Each line of the listing below must be set down exactly.

Segment Start: Data excerpts

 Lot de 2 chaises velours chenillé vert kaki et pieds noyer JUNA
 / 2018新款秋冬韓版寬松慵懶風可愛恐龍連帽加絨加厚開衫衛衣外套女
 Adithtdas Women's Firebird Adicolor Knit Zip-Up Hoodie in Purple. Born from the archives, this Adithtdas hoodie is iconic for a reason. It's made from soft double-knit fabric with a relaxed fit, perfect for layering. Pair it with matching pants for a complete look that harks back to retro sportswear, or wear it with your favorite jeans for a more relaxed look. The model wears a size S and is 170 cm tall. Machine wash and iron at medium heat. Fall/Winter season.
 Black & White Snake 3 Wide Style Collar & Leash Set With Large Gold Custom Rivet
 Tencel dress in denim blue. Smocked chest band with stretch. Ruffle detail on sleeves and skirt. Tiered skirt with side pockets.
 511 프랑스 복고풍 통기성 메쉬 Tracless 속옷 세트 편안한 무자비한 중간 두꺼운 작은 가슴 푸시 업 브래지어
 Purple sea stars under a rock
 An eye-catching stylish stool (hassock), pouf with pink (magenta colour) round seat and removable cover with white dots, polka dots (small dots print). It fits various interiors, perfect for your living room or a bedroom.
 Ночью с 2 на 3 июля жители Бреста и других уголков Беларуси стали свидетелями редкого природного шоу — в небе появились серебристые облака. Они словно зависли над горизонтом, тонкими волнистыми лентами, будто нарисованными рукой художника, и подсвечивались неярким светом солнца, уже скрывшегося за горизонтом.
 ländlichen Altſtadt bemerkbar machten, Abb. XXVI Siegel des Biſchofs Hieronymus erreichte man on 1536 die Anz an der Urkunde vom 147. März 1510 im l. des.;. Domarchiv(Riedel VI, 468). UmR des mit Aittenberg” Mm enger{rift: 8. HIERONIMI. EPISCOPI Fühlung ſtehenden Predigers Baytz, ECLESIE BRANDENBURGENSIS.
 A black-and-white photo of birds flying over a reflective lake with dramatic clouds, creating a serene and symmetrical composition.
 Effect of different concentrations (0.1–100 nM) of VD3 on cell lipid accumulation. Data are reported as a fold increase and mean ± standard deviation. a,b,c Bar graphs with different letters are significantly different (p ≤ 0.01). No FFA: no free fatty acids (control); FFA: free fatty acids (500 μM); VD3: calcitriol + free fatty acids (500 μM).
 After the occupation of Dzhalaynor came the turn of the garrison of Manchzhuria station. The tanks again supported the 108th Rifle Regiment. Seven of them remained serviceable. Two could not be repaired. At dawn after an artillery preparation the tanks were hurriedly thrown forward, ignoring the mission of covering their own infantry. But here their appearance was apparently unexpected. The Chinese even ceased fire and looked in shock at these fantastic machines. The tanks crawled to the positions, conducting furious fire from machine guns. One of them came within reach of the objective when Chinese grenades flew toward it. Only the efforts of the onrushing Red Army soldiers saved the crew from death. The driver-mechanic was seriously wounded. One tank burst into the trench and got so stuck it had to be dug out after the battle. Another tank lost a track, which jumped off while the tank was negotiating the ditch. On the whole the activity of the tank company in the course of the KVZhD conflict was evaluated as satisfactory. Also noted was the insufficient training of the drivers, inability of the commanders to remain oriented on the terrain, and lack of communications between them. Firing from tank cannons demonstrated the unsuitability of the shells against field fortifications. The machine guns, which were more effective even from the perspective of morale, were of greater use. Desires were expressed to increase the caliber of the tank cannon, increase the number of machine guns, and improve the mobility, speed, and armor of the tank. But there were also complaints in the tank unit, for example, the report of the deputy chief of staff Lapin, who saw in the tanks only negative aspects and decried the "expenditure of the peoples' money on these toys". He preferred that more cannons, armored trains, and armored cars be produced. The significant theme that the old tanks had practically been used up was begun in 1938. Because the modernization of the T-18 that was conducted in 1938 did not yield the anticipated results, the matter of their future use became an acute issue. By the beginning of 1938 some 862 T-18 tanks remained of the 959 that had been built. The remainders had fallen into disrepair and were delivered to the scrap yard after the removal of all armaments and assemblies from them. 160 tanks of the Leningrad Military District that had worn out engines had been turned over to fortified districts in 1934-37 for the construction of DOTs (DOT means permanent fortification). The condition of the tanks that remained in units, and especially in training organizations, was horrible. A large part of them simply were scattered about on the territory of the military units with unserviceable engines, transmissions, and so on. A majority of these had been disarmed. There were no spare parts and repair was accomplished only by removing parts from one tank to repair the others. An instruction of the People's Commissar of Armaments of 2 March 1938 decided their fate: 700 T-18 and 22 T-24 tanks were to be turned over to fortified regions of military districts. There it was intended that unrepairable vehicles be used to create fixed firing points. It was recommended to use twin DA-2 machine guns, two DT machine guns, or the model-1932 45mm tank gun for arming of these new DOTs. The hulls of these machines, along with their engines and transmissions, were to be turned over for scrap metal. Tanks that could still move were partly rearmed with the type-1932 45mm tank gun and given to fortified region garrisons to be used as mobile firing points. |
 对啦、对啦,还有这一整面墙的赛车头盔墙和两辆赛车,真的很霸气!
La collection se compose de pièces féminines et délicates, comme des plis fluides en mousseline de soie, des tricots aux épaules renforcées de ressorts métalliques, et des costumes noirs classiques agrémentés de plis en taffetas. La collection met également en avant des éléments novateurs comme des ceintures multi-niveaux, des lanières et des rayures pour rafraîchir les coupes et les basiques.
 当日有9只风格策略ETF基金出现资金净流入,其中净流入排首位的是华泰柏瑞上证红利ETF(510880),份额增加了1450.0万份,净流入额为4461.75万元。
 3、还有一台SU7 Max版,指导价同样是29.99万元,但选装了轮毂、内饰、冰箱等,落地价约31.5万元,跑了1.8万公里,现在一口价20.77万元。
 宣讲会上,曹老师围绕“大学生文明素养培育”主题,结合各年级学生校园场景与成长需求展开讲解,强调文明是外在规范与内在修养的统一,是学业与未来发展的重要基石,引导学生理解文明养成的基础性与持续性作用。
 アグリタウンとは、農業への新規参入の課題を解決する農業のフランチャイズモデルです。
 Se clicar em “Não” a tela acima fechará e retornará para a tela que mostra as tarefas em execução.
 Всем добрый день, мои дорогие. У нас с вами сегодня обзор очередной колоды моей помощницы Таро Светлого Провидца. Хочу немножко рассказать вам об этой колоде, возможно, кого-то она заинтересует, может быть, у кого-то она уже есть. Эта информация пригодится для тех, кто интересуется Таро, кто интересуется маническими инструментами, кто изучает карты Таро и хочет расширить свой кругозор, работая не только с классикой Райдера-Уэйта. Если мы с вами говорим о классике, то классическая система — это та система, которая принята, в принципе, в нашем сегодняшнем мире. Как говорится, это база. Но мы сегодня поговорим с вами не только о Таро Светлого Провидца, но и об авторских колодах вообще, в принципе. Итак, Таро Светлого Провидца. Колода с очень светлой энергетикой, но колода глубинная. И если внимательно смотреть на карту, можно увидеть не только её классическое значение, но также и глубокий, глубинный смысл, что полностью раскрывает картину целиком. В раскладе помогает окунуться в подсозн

Segment End: Data excerpts

Written solution
 Lot de 2 chaises velours chenillé vert kaki et pieds noyer JUNA
 / 2018新款秋冬韓版寬松慵懶風可愛恐龍連帽加絨加厚開衫衛衣外套女
 Adithtdas Women's Firebird Adicolor Knit Zip-Up Hoodie in Purple. Born from the archives, this Adithtdas hoodie is iconic for a reason. It's made from soft double-knit fabric with a relaxed fit, perfect for layering. Pair it with matching pants for a complete look that harks back to retro sportswear, or wear it with your favorite jeans for a more relaxed look. The model wears a size S and is 170 cm tall. Machine wash and iron at medium heat. Fall/Winter season.
 Black & White Snake 3 Wide Style Collar & Leash Set With Large Gold Custom Rivet
 Tencel dress in denim blue. Smocked chest band with stretch. Ruffle detail on sleeves and skirt. Tiered skirt with side pockets.
 511 프랑스 복고풍 통기성 메쉬 Tracless 속옷 세트 편안한 무자비한 중간 두꺼운 작은 가슴 푸시 업 브래지어
 Purple sea stars under a rock
 An eye-catching stylish stool (hassock), pouf with pink (magenta colour) round seat and removable cover with white dots, polka dots (small dots print). It fits various interiors, perfect for your living room or a bedroom.
 Ночью с 2 на 3 июля жители Бреста и других уголков Беларуси стали свидетелями редкого природного шоу — в небе появились серебристые облака. Они словно зависли над горизонтом, тонкими волнистыми лентами, будто нарисованными рукой художника, и подсвечивались неярким светом солнца, уже скрывшегося за горизонтом.
 ländlichen Altſtadt bemerkbar machten, Abb. XXVI Siegel des Biſchofs Hieronymus erreichte man on 1536 die Anz an der Urkunde vom 147. März 1510 im l. des.;. Domarchiv(Riedel VI, 468). UmR des mit Aittenberg” Mm enger{rift: 8. HIERONIMI. EPISCOPI Fühlung ſtehenden Predigers Baytz, ECLESIE BRANDENBURGENSIS.
 A black-and-white photo of birds flying over a reflective lake with dramatic clouds, creating a serene and symmetrical composition.
 Effect of different concentrations (0.1–100 nM) of VD3 on cell lipid accumulation. Data are reported as a fold increase and mean ± standard deviation. a,b,c Bar graphs with different letters are significantly different (p ≤ 0.01). No FFA: no free fatty acids (control); FFA: free fatty acids (500 μM); VD3: calcitriol + free fatty acids (500 μM).
 After the occupation of Dzhalaynor came the turn of the garrison of Manchzhuria station. The tanks again supported the 108th Rifle Regiment. Seven of them remained serviceable. Two could not be repaired. At dawn after an artillery preparation the tanks were hurriedly thrown forward, ignoring the mission of covering their own infantry. But here their appearance was apparently unexpected. The Chinese even ceased fire and looked in shock at these fantastic machines. The tanks crawled to the positions, conducting furious fire from machine guns. One of them came within reach of the objective when Chinese grenades flew toward it. Only the efforts of the onrushing Red Army soldiers saved the crew from death. The driver-mechanic was seriously wounded. One tank burst into the trench and got so stuck it had to be dug out after the battle. Another tank lost a track, which jumped off while the tank was negotiating the ditch. On the whole the activity of the tank company in the course of the KVZhD conflict was evaluated as satisfactory. Also noted was the insufficient training of the drivers, inability of the commanders to remain oriented on the terrain, and lack of communications between them. Firing from tank cannons demonstrated the unsuitability of the shells against field fortifications. The machine guns, which were more effective even from the perspective of morale, were of greater use. Desires were expressed to increase the caliber of the tank cannon, increase the number of machine guns, and improve the mobility, speed, and armor of the tank. But there were also complaints in the tank unit, for example, the report of the deputy chief of staff Lapin, who saw in the tanks only negative aspects and decried the "expenditure of the peoples' money on these toys". He preferred that more cannons, armored trains, and armored cars be produced. The significant theme that the old tanks had practically been used up was begun in 1938. Because the modernization of the T-18 that was conducted in 1938 did not yield the anticipated results, the matter of their future use became an acute issue. By the beginning of 1938 some 862 T-18 tanks remained of the 959 that had been built. The remainders had fallen into disrepair and were delivered to the scrap yard after the removal of all armaments and assemblies from them. 160 tanks of the Leningrad Military District that had worn out engines had been turned over to fortified districts in 1934-37 for the construction of DOTs (DOT means permanent fortification). The condition of the tanks that remained in units, and especially in training organizations, was horrible. A large part of them simply were scattered about on the territory of the military units with unserviceable engines, transmissions, and so on. A majority of these had been disarmed. There were no spare parts and repair was accomplished only by removing parts from one tank to repair the others. An instruction of the People's Commissar of Armaments of 2 March 1938 decided their fate: 700 T-18 and 22 T-24 tanks were to be turned over to fortified regions of military districts. There it was intended that unrepairable vehicles be used to create fixed firing points. It was recommended to use twin DA-2 machine guns, two DT machine guns, or the model-1932 45mm tank gun for arming of these new DOTs. The hulls of these machines, along with their engines and transmissions, were to be turned over for scrap metal. Tanks that could still move were partly rearmed with the type-1932 45mm tank gun and given to fortified region garrisons to be used as mobile firing points. |
 对啦、对啦,还有这一整面墙的赛车头盔墙和两辆赛车,真的很霸气!
La collection se compose de pièces féminines et délicates, comme des plis fluides en mousseline de soie, des tricots aux épaules renforcées de ressorts métalliques, et des costumes noirs classiques agrémentés de plis en taffetas. La collection met également en avant des éléments novateurs comme des ceintures multi-niveaux, des lanières et des rayures pour rafraîchir les coupes et les basiques.
 当日有9只风格策略ETF基金出现资金净流入,其中净流入排首位的是华泰柏瑞上证红利ETF(510880),份额增加了1450.0万份,净流入额为4461.75万元。
 3、还有一台SU7 Max版,指导价同样是29.99万元,但选装了轮毂、内饰、冰箱等,落地价约31.5万元,跑了1.8万公里,现在一口价20.77万元。
 宣讲会上,曹老师围绕“大学生文明素养培育”主题,结合各年级学生校园场景与成长需求展开讲解,强调文明是外在规范与内在修养的统一,是学业与未来发展的重要基石,引导学生理解文明养成的基础性与持续性作用。
 アグリタウンとは、農業への新規参入の課題を解決する農業のフランチャイズモデルです。
 Se clicar em “Não” a tela acima fechará e retornará para a tela que mostra as tarefas em execução.
 Всем добрый день, мои дорогие. У нас с вами сегодня обзор очередной колоды моей помощницы Таро Светлого Провидца. Хочу немножко рассказать вам об этой колоде, возможно, кого-то она заинтересует, может быть, у кого-то она уже есть. Эта информация пригодится для тех, кто интересуется Таро, кто интересуется маническими инструментами, кто изучает карты Таро и хочет расширить свой кругозор, работая не только с классикой Райдера-Уэйта. Если мы с вами говорим о классике, то классическая система — это та система, которая принята, в принципе, в нашем сегодняшнем мире. Как говорится, это база. Но мы сегодня поговорим с вами не только о Таро Светлого Провидца, но и об авторских колодах вообще, в принципе. Итак, Таро Светлого Провидца. Колода с очень светлой энергетикой, но колода глубинная. И если внимательно смотреть на карту, можно увидеть не только её классическое значение, но также и глубокий, глубинный смысл, что полностью раскрывает картину целиком. В раскладе помогает окунуться в подсозн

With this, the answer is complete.